» What to work on: Write out exactly, and only, the lines below from the line with "Parents are pure" through the line with "Amtsverkündigungsblatt für die"; pictures do not belong in the copy.

» Records to process:
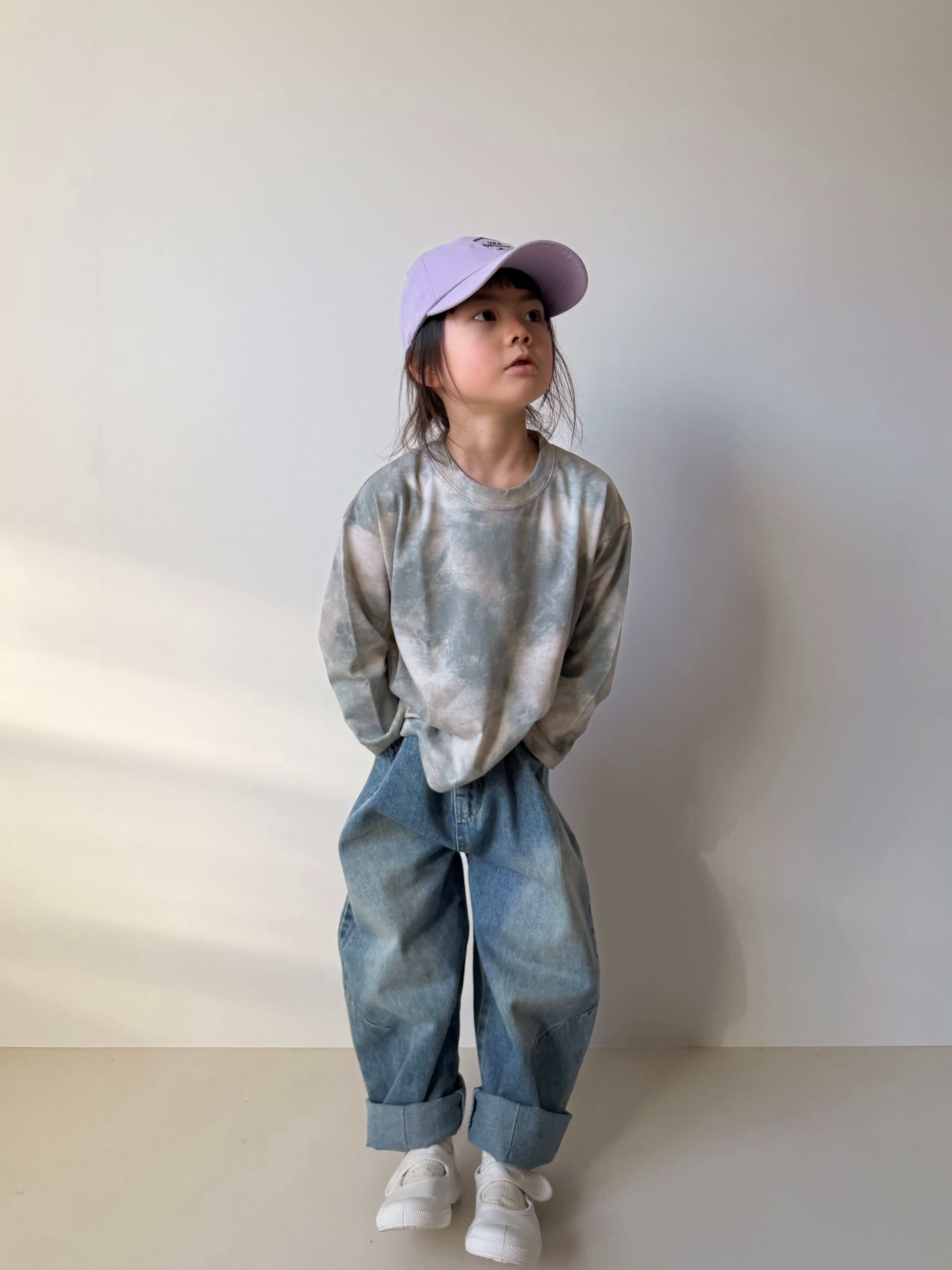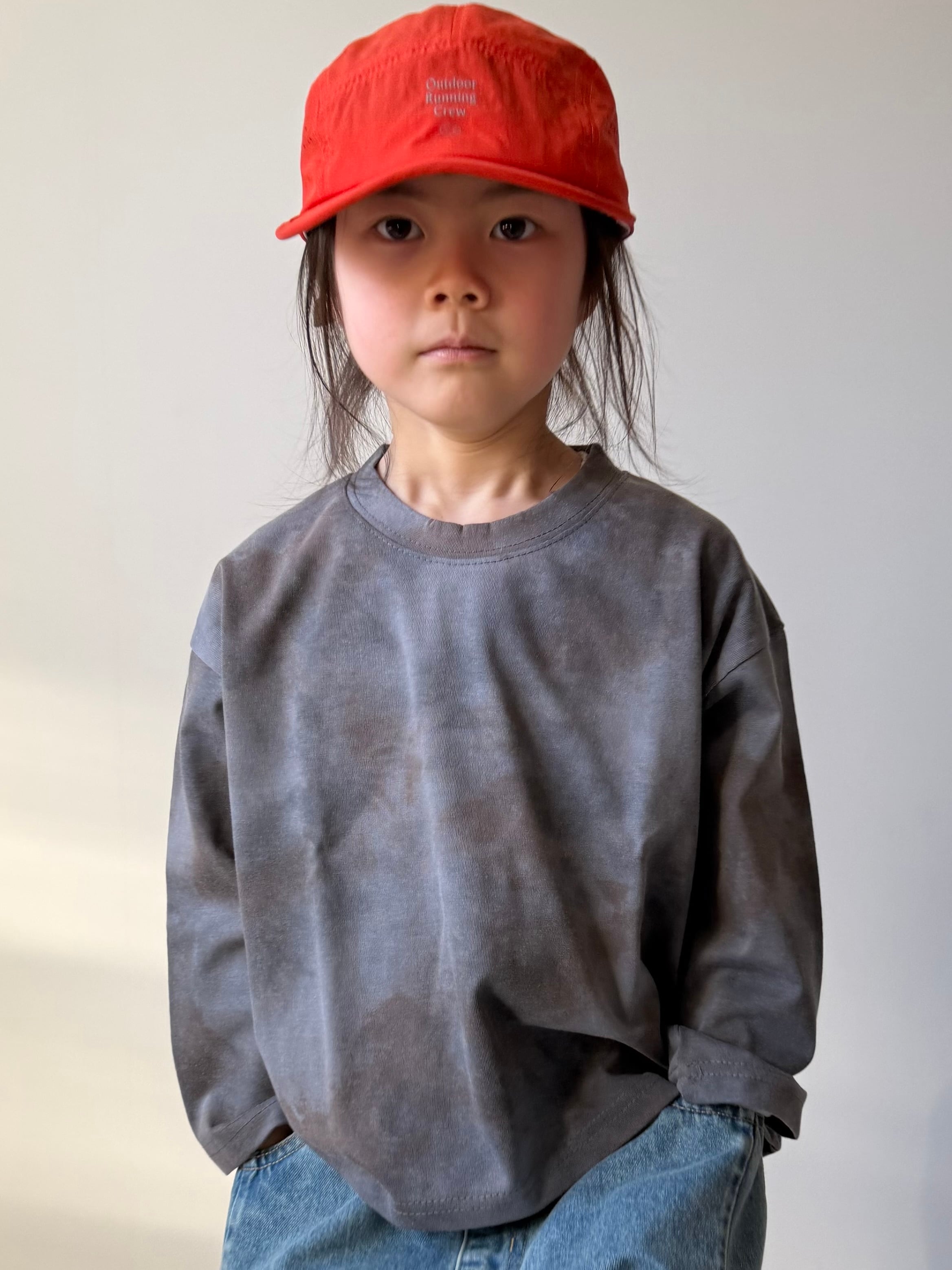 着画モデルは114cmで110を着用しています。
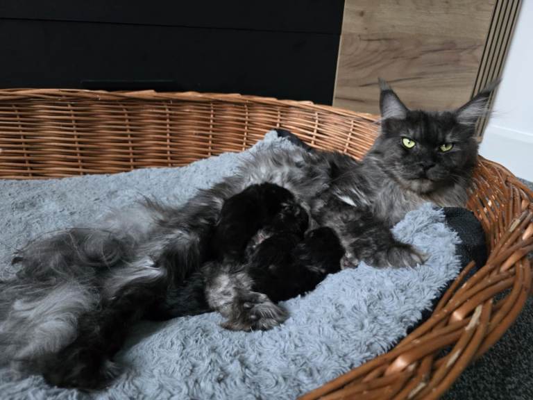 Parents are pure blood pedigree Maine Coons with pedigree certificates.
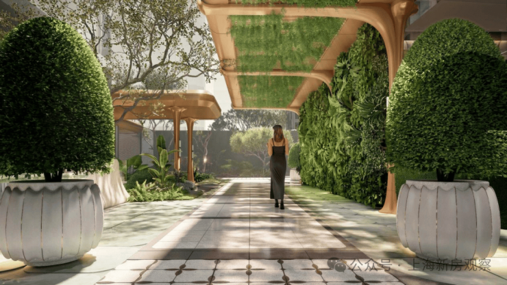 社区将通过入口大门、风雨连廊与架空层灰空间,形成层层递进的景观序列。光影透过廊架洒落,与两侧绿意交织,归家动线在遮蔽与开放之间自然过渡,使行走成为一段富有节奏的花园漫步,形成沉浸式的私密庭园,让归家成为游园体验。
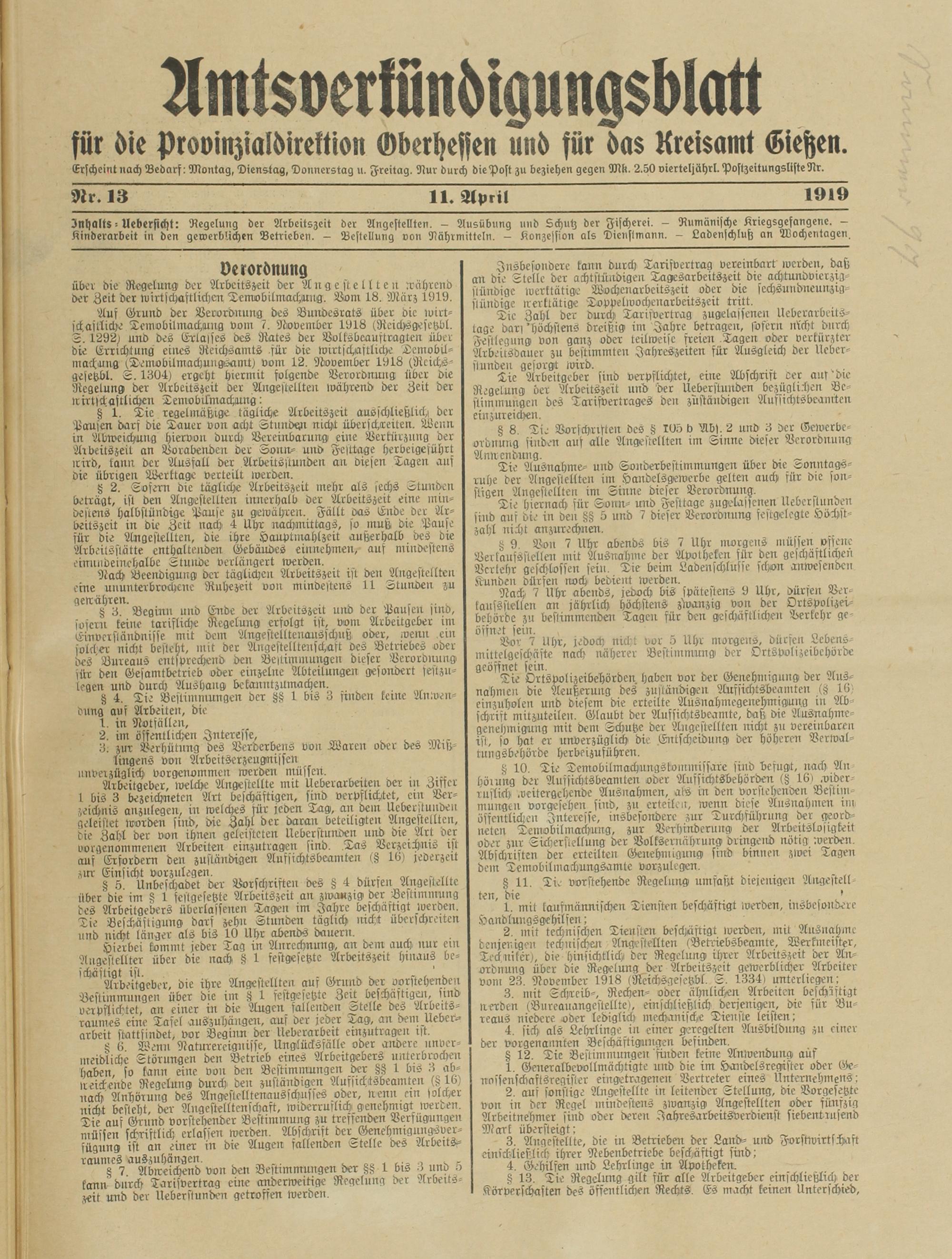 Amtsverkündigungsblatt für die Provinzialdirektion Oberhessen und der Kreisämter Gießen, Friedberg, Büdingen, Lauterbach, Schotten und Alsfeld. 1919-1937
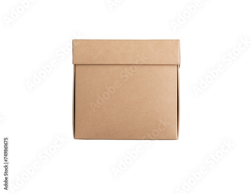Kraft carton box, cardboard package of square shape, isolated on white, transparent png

---

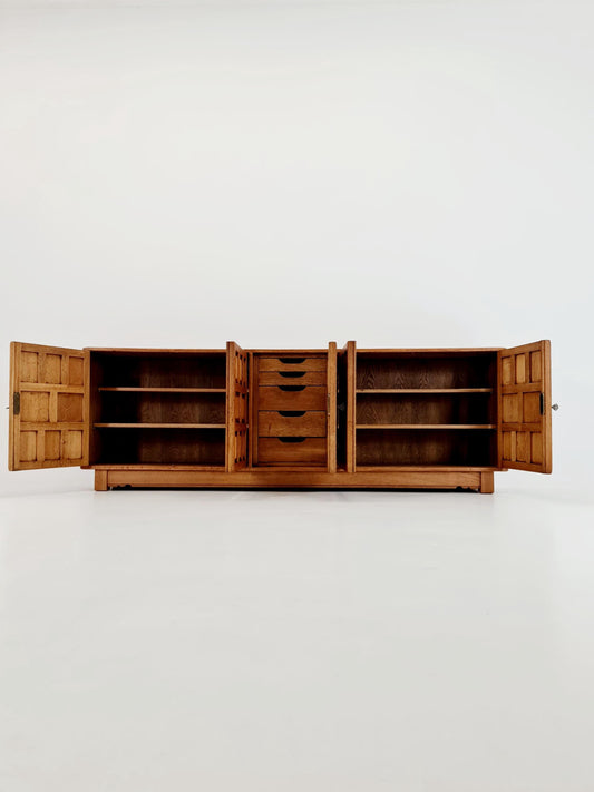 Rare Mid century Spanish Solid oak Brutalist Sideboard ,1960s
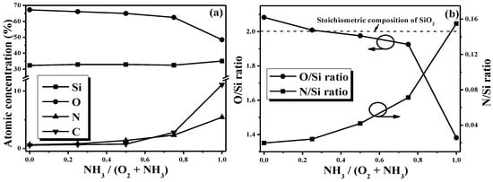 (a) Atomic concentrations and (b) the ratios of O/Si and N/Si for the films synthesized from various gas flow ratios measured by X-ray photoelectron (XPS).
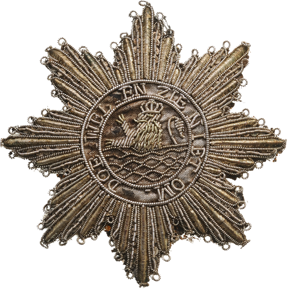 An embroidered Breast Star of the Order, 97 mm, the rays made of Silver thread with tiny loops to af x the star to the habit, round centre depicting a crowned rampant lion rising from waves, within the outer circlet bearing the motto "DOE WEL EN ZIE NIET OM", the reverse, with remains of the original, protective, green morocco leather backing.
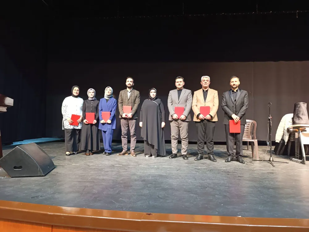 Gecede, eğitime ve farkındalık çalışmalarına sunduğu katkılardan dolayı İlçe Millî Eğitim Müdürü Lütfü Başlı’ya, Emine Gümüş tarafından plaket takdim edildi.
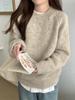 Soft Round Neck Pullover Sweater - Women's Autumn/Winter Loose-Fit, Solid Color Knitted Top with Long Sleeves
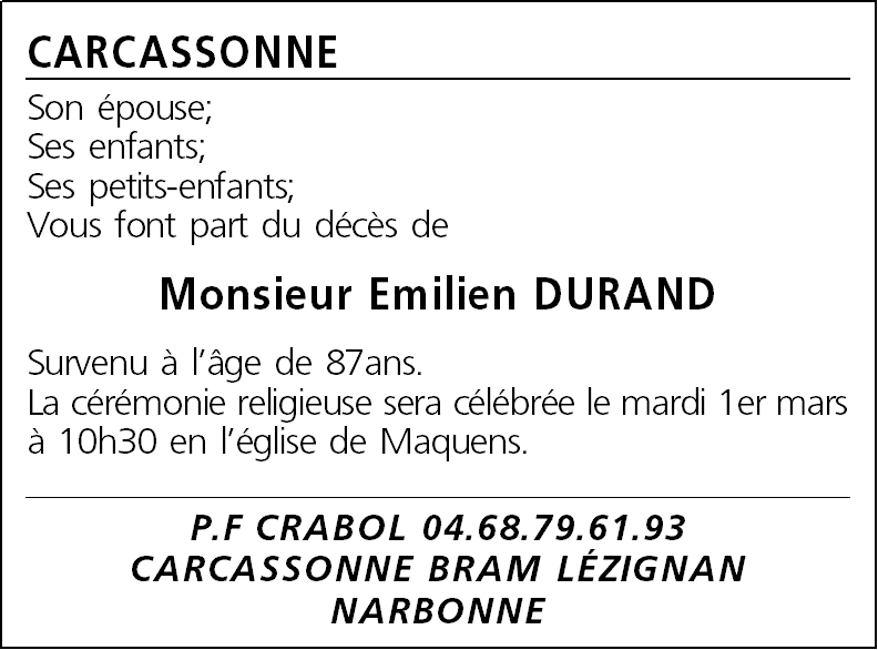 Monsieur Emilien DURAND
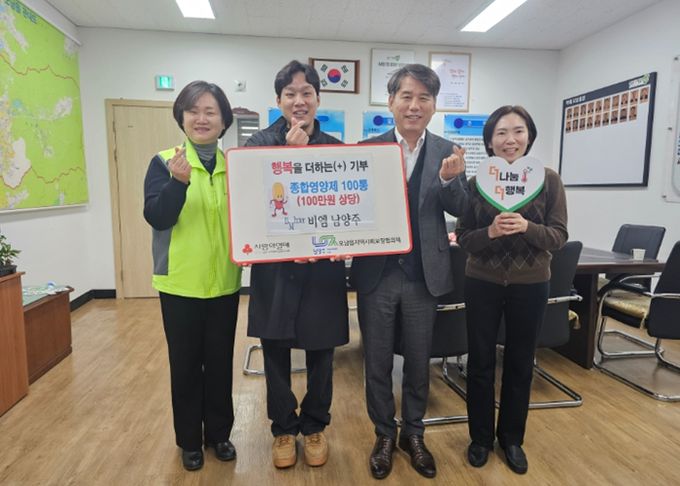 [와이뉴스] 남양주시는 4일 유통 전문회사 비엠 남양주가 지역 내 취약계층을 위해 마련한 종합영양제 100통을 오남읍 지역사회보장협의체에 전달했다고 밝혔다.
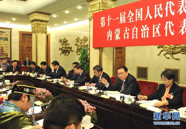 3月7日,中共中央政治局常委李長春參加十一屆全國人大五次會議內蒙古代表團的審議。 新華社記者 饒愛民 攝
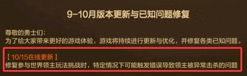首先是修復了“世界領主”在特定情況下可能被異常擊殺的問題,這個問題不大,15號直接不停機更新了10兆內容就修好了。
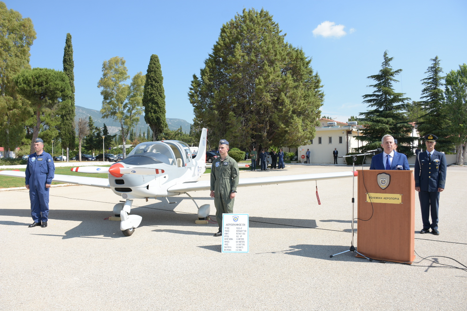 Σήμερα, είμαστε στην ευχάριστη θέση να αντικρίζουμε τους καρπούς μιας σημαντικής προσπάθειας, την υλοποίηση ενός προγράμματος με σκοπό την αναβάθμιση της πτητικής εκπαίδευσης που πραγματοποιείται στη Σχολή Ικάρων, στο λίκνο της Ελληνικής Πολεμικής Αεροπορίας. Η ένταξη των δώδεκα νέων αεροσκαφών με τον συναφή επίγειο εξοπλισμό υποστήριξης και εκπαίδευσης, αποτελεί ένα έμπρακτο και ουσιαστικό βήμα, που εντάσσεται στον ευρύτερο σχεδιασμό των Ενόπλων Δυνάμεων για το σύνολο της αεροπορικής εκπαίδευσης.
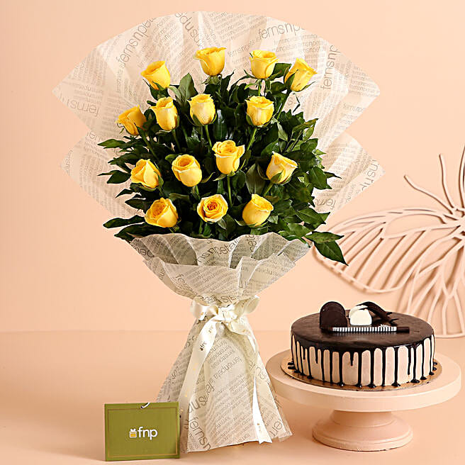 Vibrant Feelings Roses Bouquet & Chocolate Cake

* * *

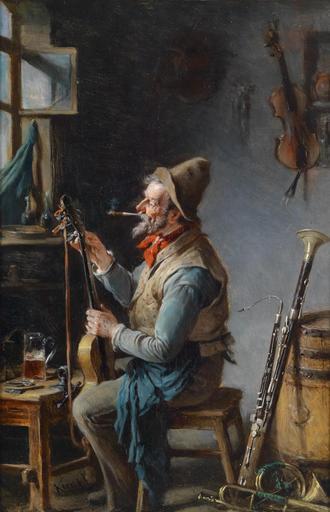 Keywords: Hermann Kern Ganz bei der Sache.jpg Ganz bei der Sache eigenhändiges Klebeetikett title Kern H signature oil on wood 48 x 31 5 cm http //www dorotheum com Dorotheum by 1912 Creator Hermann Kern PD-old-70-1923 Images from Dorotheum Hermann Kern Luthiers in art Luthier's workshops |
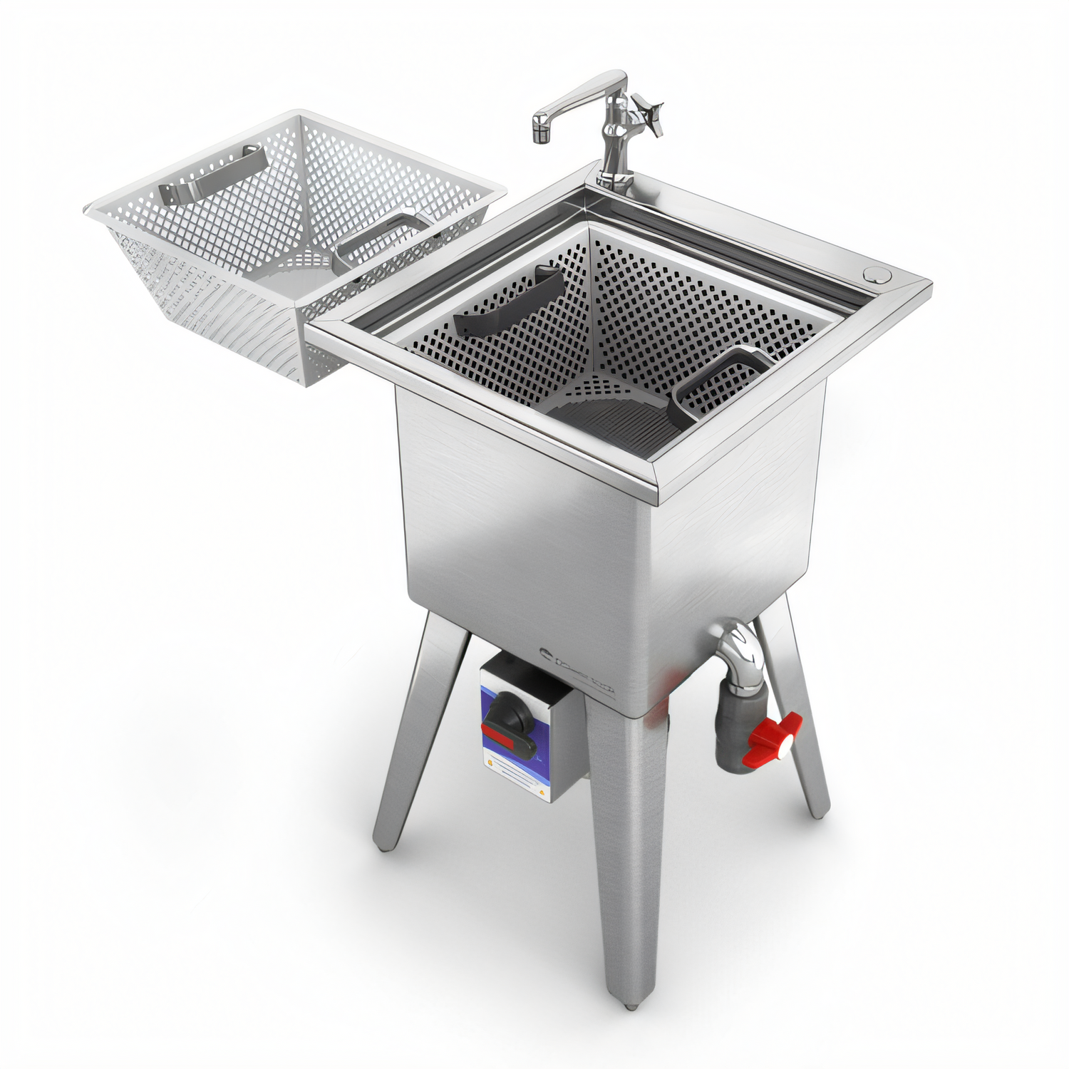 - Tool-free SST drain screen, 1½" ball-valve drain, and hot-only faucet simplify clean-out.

» Answer section:
 Parents are pure blood pedigree Maine Coons with pedigree certificates.
 社区将通过入口大门、风雨连廊与架空层灰空间,形成层层递进的景观序列。光影透过廊架洒落,与两侧绿意交织,归家动线在遮蔽与开放之间自然过渡,使行走成为一段富有节奏的花园漫步,形成沉浸式的私密庭园,让归家成为游园体验。
 Amtsverkündigungsblatt für die Provinzialdirektion Oberhessen und der Kreisämter Gießen, Friedberg, Büdingen, Lauterbach, Schotten und Alsfeld. 1919-1937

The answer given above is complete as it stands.